COMOROS ECONOMY. Overview by axel fischer Monacoresources mrg




Real GDP growth for 2019 was 1.5%, half that in 2018, explained by cyclone Kenneth in April 2019, which caused destruction (power plants, roads, and production capacity) equivalent to 12.5% of GDP. Growth has been driven primarily by electricity and transport on the supply side, and by public investment on the demand side. For 2019, inflation is estimated at 2%, the fiscal deficit at 2.6% of GDP (financed by statutory advances from the central bank to the treasury, loans, and external aid), the current account deficit at 8.9% of GDP, and external debt at 32.4%, up slightly from 2017 (29.3%). The IMF’s latest debt sustainability analysis rated the risk of debt distress as moderate.

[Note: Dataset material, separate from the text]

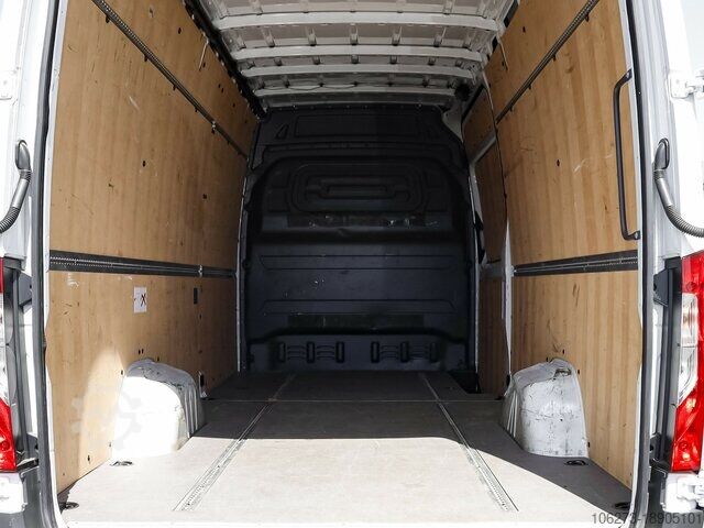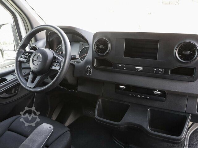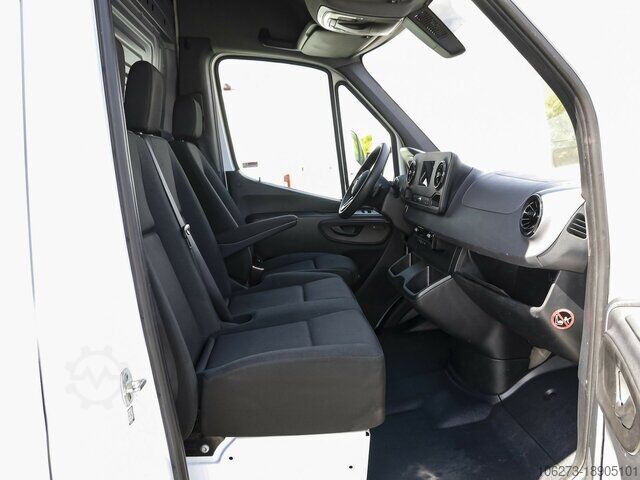 Rear step, interior paneling, wooden loading floor, passenger double seat, disc brake, high roof, right-hand mirror electrically adjustable, air seat, partition wall, clock & rev counter, brake pad indicator, heat-insulated glass, 3-door, 1st hand, Euro6d, green environmental sticker (4), breakdown kit, steel rims, reversing camera, black, passenger airbag, right-hand sliding door, parking aid, parking aid camera, 2-way electric window lifter, seat heating, radio/MP3, outside temperature display, tinted glazing, heated outside mirrors, power steering, wood trim, electric outside mirrors, comfort seats, rear-wheel drive, 3rd brake light, center armrest, country version Germany, other equipment available, errors and prior sale reserved. Trade-in possible. Financing possible, please contact us, we will make you a tailor-made offer. A50Front axle with increased load capacity AR2Axle ratio i = 3.923 BH1HOLD function C6LMultifunction steering wheel CB7Stabilization level I CL1Steering wheel adjustable in inclination and height CN2Radiator grille frame in vehicle color D03High roof D50Partition wall throughout E07Hill start assist E1DDigital radio (DAB) E30Single-pole battery main switch E3MMBUX multimedia system with 7-inch touchscreen E57Electrics for trailer socket ES0Start-up aid - contact ES5Instrument panel charging package EW6Remote Services Plus preparation EY5Mercedes-Benz emergency call system EY6Breakdown management F68Heated and electrically adjustable outside mirrors FF5Storage above windscreen FJ4Storage compartment under cockpit FZ5Burglary and theft alarm system G439G-TRONIC H16Seat heating for driver H20Heat-insulating glass all around HH9Semi-automatic control Air conditioning TEMPMATIC IR6Wheelbase 4325 mm, overhang 1615 mm IT43.5 tonne J55Seat belt warning device for front passenger seat J58Seat belt warning device for driver seat J65Outside temperature display JA8Crosswind assist JB7Parking package with rear view camera JF1Rain sensor JH3Communication module (LTE) for digital services JK5Instrument cluster with colour display K13Main tank 71 litres K51Misfuelling

 Poverty (at the national poverty line) affects 44.1% of the population, and the income distribution is unequal, with a Gini coefficient of 0.39. Unemployment is estimated at 3.7% in 2018, and youth unemployment at 8.5%.




The post-cyclone cleanup and the support from development partners (for macroeconomic stabilization and sectors affected by the cyclone) are expected to lift GDP growth to 3% in 2020 and 3.2% in 2021. The financing already obtained will be used to relaunch socioeconomic, production, and private sector support infrastructure. Inflation is projected at 1.9% for 2020 and 2.1% for 2021, the fiscal deficit at 2.8% of GDP then 3.1%, and the current account deficit at 8.8% of GDP then 8.7%. Between 2016 and 2018, the real electricity access rate rose from 75.4% to 77.8% and available capacity increased by 32% (from 19MW to 25MW).

The government aims to stabilize the energy sector by implementing decrees to separate water and electricity, create a new electricity company, and review the electricity tariff structure. Structural challenges include vulnerability to climate change, with increasingly frequent and violent cyclones. Labor and capital productivity is low.


The diversification of national production and exports (ylang ylang, vanilla, and clove) is weak, market size is small with fewer than 1 million inhabitants, and given the country’s isolation, costs are high for international transport.


 Structural transformation is very slow, with industry’s share of the economy stable at 9.6% of GDP. Barriers to the private sector are high, and there was no policy for its development until 2017.